Genes and Genetic Inheritance

What makes each and every one of us unique?

Genetic information

The cell

The cell forms the fundamental basis of all living things, within each cell, DNA (deoxyribonucleic acid) plays a crucial role, as it houses the genetic instructions necessary to coordinate and regulate all cellular activities. This DNA sequence dictates how cells develop and behave, ensuring that every vital function is properly executed to sustain life.

The Chromosomes

Chromosomes, the structures that contain our genetic material, are meticulously organized into the basic functional and physical units of genetic inheritance, the genes.

Each cell has 23 pairs of chromosomes, except for reproductive cells, which contain only half of them. One pair of chromosomes, the X and Y chromosomes, are sex chromosomes which, as the name implies, determine a person's sex. If a person has two X chromosomes, she is genetically female, while a person with one X and one Y chromosome is genetically male.

DNA and genes

DNA is a molecule that stores all the genetic information of an organism. It is composed of two long chains that intertwine to form a structure called a double helix. The chains are joined by smaller units called nucleotides, composed of a sugar, a phosphate and a nitrogenous base.
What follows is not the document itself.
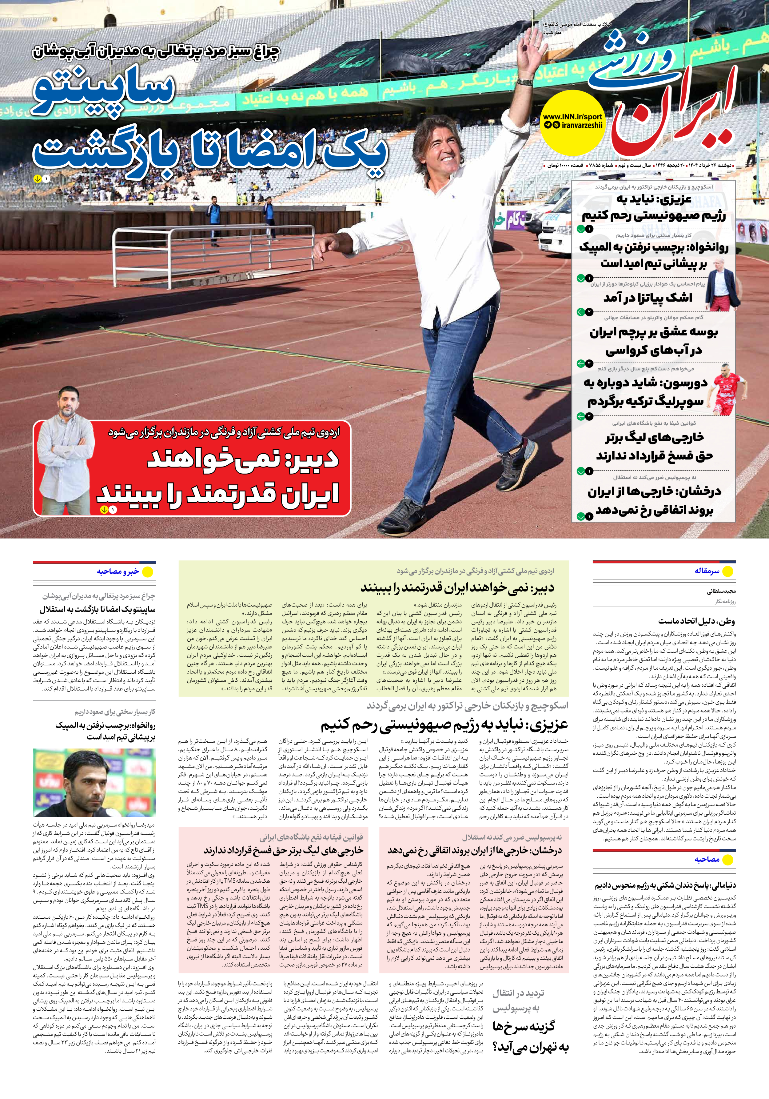 روزنامه ایران ورزشی - شماره هفت هزار و هشتصد و پنجاه و پنج - ۲۶ خرداد ۱۴۰۴

There are four types of nitrogenous bases in DNA: adenine (A), guanine (G), thymine (T) and cytosine (C).

These bases bind in a specific way: adenine always with thymine, and guanine always with cytosine. This pairing ensures that genetic information is kept accurate and allows vital processes such as transcription (copying of DNA to RNA) and translation (production of proteins from RNA) to take place.

Each gene has a specific sequence of bases that code to form a particular protein.

Although all cells in the body have a complete copy of the DNA, not all cells use the same part of this genetic code at the same time. For example, kidney cells activate certain genes that are different from those activated by brain cells, because each cell type performs different functions and needs to produce different proteins. In addition, some genes can be turned on or off during the growth of the organism or in response to external factors such as infections or stressful situations.

Knowledge of the human genome has a profound impact on Biomedicine and Genetics, facilitating advances in diagnosis, treatment and prevention of diseases. 

The human genome

Research conducted by the Human Genome Project estimates that the number of genes in humans ranges from 20,000 to 25,000. Each individual possesses two versions of each gene, inherited from each of his or her parents.

Although the vast majority of these genes are identical in all humans, there is a percentage of less than 1% that varies between individuals. These variations are known as alleles, which are slightly different versions of the same gene due to changes in DNA sequences. It is these differences that contribute to the unique characteristics of each person.

Genetic inheritance: transmission from parents to children

The fundamental laws of genetic inheritance are essential to understanding how diseases are transmitted from one generation to the next.

Autosomal dominant

The affected person usually has a parent with the disease. It tends to occur in all generations of the affected family.

E.g. Huntington's disease, polycystic kidney disease or Marfan syndrome.

Autosomal recessive

Both parents are carriers, even if they do not express the disease. It does not usually occur in all generations.

For example, cystic fibrosis, thalassemia or phenylketonuria.

Linked to sex

It is inheritance, autosomal or recessive, transmitted in genes located on the sex chromosomes (X or Y).

For example, hypophosphatemic rickets, Duchenne muscular dystrophy or hemophilia A.

Mitochondrial

It affects both males and females, but is transmitted only maternally because all the mitochondria of the offspring come from their mothers. It can occur in all generations.

E.g. MELAS syndrome or Leber's hereditary optic neuropathy.